Task to complete:
Copy each line of the records exactly, stopping only after the line that contains "KEESLER AIR FORCE" has been written, and leave pictures out.
[Opening Data listing section]
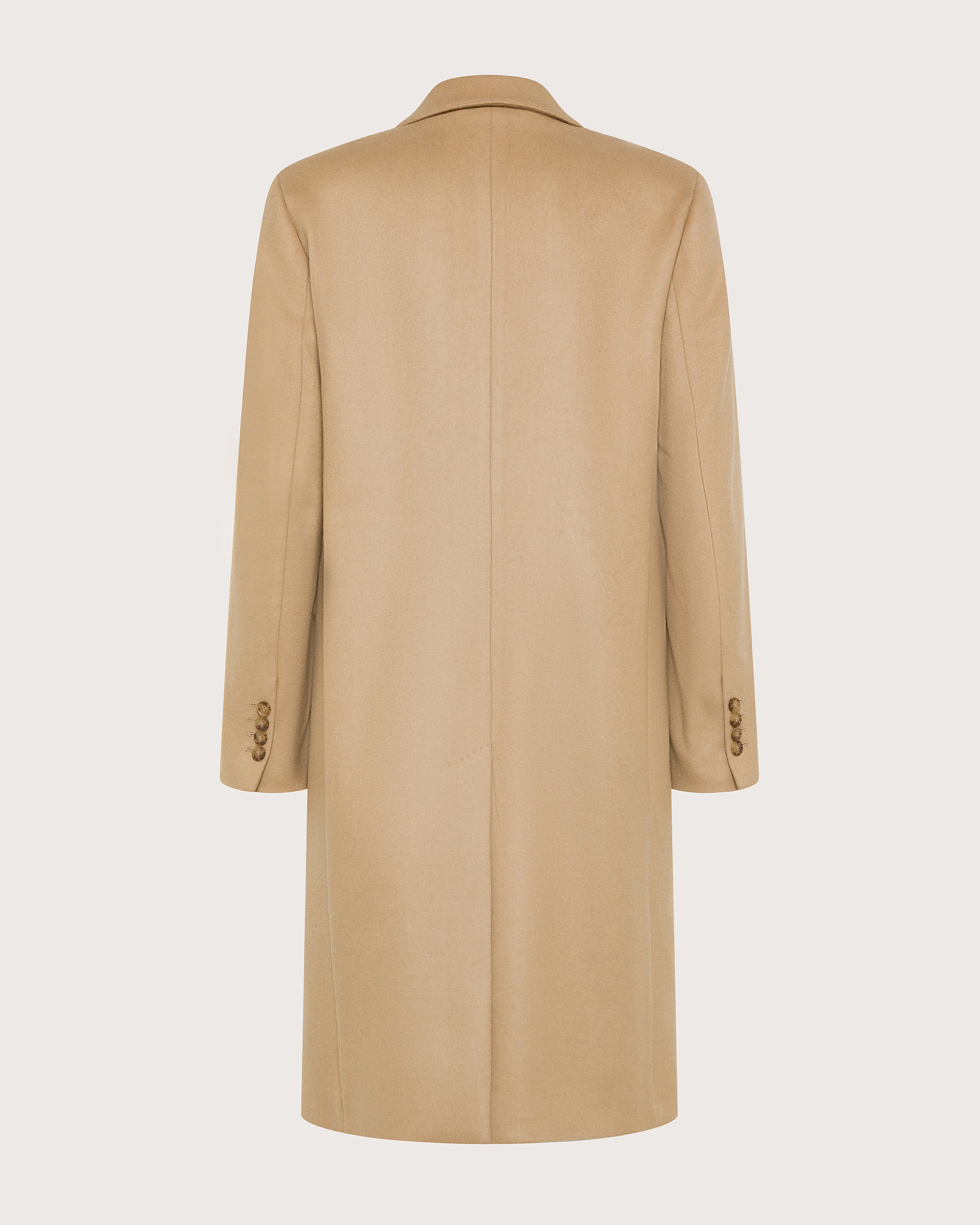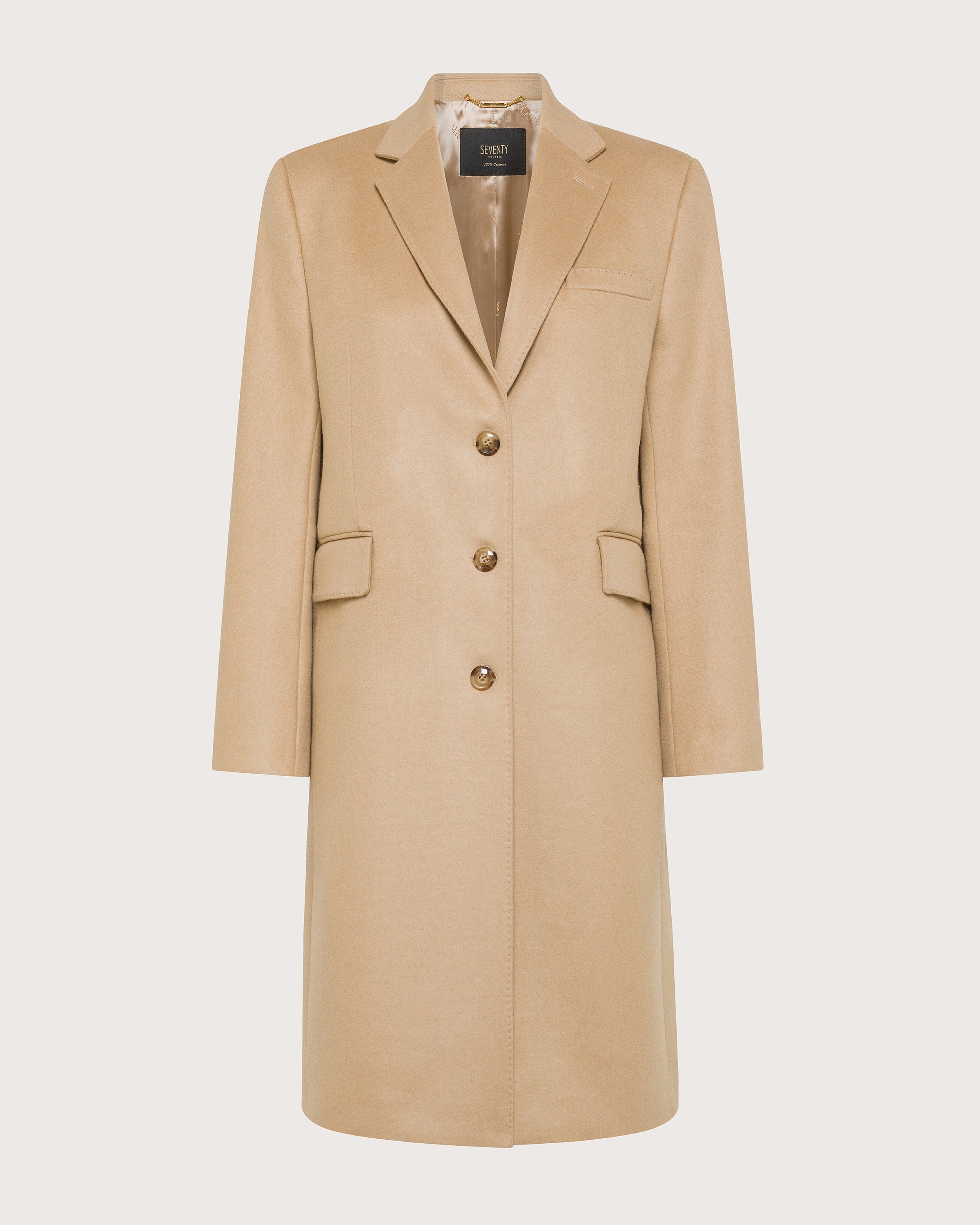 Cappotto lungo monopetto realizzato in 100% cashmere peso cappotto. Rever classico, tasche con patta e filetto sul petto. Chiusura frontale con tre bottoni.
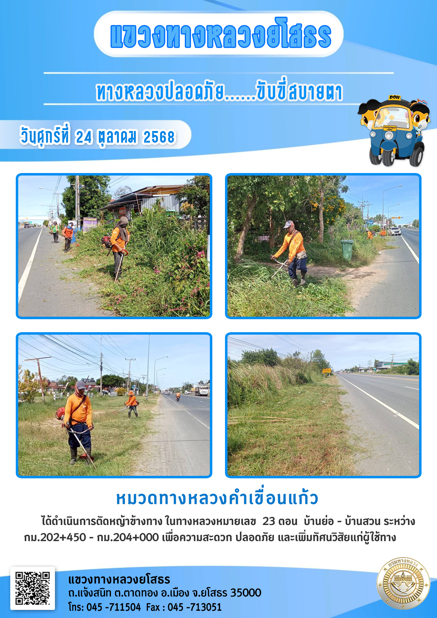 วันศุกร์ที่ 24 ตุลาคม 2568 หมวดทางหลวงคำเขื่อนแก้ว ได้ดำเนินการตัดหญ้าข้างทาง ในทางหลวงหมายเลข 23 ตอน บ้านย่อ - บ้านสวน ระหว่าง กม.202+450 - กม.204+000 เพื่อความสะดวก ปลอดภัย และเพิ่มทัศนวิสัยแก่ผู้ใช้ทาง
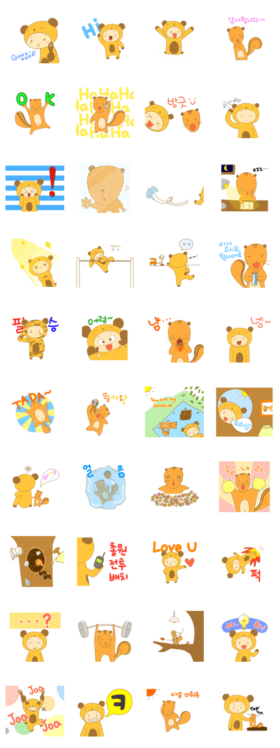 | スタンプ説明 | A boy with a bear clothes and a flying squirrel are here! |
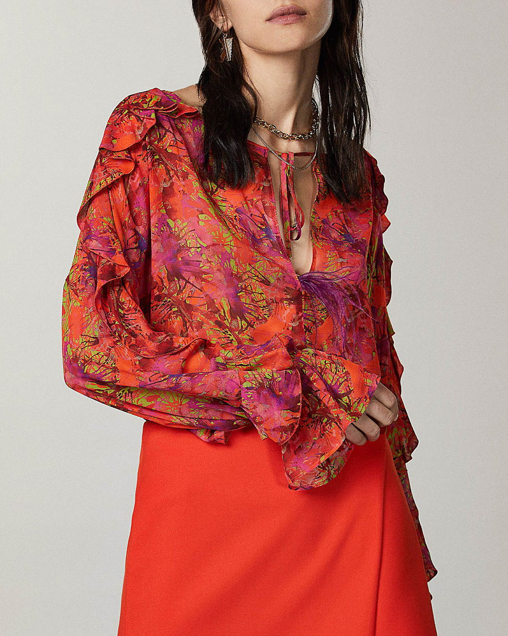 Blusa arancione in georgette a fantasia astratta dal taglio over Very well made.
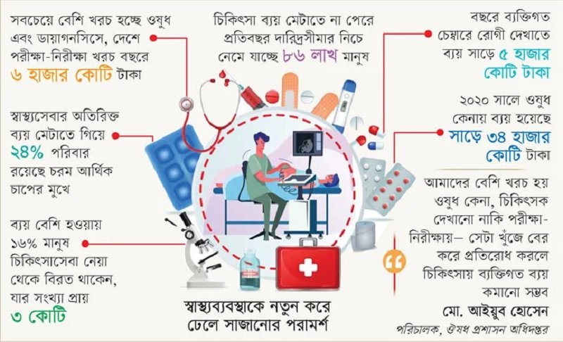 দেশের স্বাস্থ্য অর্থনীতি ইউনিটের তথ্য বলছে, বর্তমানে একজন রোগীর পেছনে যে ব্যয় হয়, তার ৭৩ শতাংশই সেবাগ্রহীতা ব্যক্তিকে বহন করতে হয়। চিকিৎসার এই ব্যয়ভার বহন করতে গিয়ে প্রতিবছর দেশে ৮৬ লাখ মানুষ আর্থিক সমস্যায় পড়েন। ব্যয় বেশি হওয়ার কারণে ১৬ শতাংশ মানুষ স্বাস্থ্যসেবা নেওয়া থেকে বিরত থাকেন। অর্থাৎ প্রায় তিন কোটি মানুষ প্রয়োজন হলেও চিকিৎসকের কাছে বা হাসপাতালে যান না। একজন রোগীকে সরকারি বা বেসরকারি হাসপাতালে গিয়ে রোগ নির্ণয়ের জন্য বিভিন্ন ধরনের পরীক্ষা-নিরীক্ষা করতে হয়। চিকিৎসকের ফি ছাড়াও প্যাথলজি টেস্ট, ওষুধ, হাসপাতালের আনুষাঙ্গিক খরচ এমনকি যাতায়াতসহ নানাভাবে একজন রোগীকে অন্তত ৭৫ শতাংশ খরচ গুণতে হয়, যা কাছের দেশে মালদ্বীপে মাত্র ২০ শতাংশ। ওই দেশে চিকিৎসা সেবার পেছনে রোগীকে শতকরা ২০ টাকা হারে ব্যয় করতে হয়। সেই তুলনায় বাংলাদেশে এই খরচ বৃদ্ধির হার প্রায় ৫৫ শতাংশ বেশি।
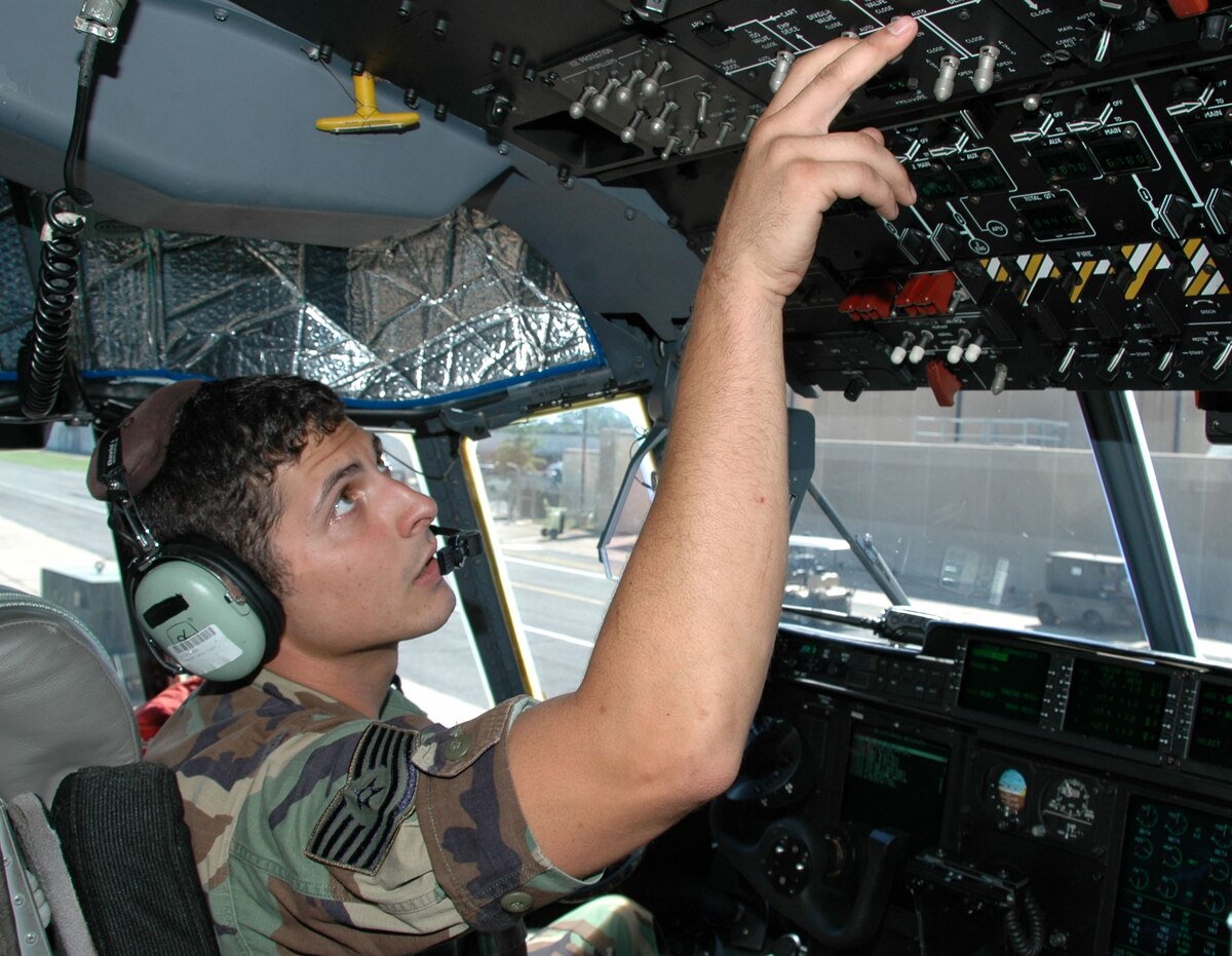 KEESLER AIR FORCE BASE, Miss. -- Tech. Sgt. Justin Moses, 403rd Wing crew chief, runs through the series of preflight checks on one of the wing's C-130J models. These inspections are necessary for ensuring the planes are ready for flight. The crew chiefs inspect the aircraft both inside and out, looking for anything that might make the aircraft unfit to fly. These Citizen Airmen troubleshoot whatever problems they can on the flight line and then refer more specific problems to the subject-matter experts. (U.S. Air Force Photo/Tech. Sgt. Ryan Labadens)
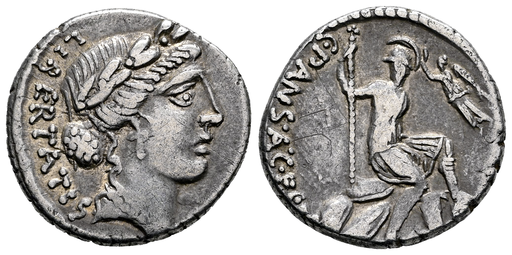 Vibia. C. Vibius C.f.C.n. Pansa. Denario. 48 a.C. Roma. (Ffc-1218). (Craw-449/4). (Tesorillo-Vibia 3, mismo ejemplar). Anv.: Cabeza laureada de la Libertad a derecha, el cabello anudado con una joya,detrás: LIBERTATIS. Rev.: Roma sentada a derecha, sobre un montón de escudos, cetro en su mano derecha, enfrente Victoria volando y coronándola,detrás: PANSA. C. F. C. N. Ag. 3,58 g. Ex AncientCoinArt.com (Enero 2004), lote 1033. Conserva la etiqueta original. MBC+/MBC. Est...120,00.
[Closing Data listing section]
Solution below:
 Cappotto lungo monopetto realizzato in 100% cashmere peso cappotto. Rever classico, tasche con patta e filetto sul petto. Chiusura frontale con tre bottoni.
 วันศุกร์ที่ 24 ตุลาคม 2568 หมวดทางหลวงคำเขื่อนแก้ว ได้ดำเนินการตัดหญ้าข้างทาง ในทางหลวงหมายเลข 23 ตอน บ้านย่อ - บ้านสวน ระหว่าง กม.202+450 - กม.204+000 เพื่อความสะดวก ปลอดภัย และเพิ่มทัศนวิสัยแก่ผู้ใช้ทาง
 | スタンプ説明 | A boy with a bear clothes and a flying squirrel are here! |
 Blusa arancione in georgette a fantasia astratta dal taglio over Very well made.
 দেশের স্বাস্থ্য অর্থনীতি ইউনিটের তথ্য বলছে, বর্তমানে একজন রোগীর পেছনে যে ব্যয় হয়, তার ৭৩ শতাংশই সেবাগ্রহীতা ব্যক্তিকে বহন করতে হয়। চিকিৎসার এই ব্যয়ভার বহন করতে গিয়ে প্রতিবছর দেশে ৮৬ লাখ মানুষ আর্থিক সমস্যায় পড়েন। ব্যয় বেশি হওয়ার কারণে ১৬ শতাংশ মানুষ স্বাস্থ্যসেবা নেওয়া থেকে বিরত থাকেন। অর্থাৎ প্রায় তিন কোটি মানুষ প্রয়োজন হলেও চিকিৎসকের কাছে বা হাসপাতালে যান না। একজন রোগীকে সরকারি বা বেসরকারি হাসপাতালে গিয়ে রোগ নির্ণয়ের জন্য বিভিন্ন ধরনের পরীক্ষা-নিরীক্ষা করতে হয়। চিকিৎসকের ফি ছাড়াও প্যাথলজি টেস্ট, ওষুধ, হাসপাতালের আনুষাঙ্গিক খরচ এমনকি যাতায়াতসহ নানাভাবে একজন রোগীকে অন্তত ৭৫ শতাংশ খরচ গুণতে হয়, যা কাছের দেশে মালদ্বীপে মাত্র ২০ শতাংশ। ওই দেশে চিকিৎসা সেবার পেছনে রোগীকে শতকরা ২০ টাকা হারে ব্যয় করতে হয়। সেই তুলনায় বাংলাদেশে এই খরচ বৃদ্ধির হার প্রায় ৫৫ শতাংশ বেশি।
 KEESLER AIR FORCE BASE, Miss. -- Tech. Sgt. Justin Moses, 403rd Wing crew chief, runs through the series of preflight checks on one of the wing's C-130J models. These inspections are necessary for ensuring the planes are ready for flight. The crew chiefs inspect the aircraft both inside and out, looking for anything that might make the aircraft unfit to fly. These Citizen Airmen troubleshoot whatever problems they can on the flight line and then refer more specific problems to the subject-matter experts. (U.S. Air Force Photo/Tech. Sgt. Ryan Labadens)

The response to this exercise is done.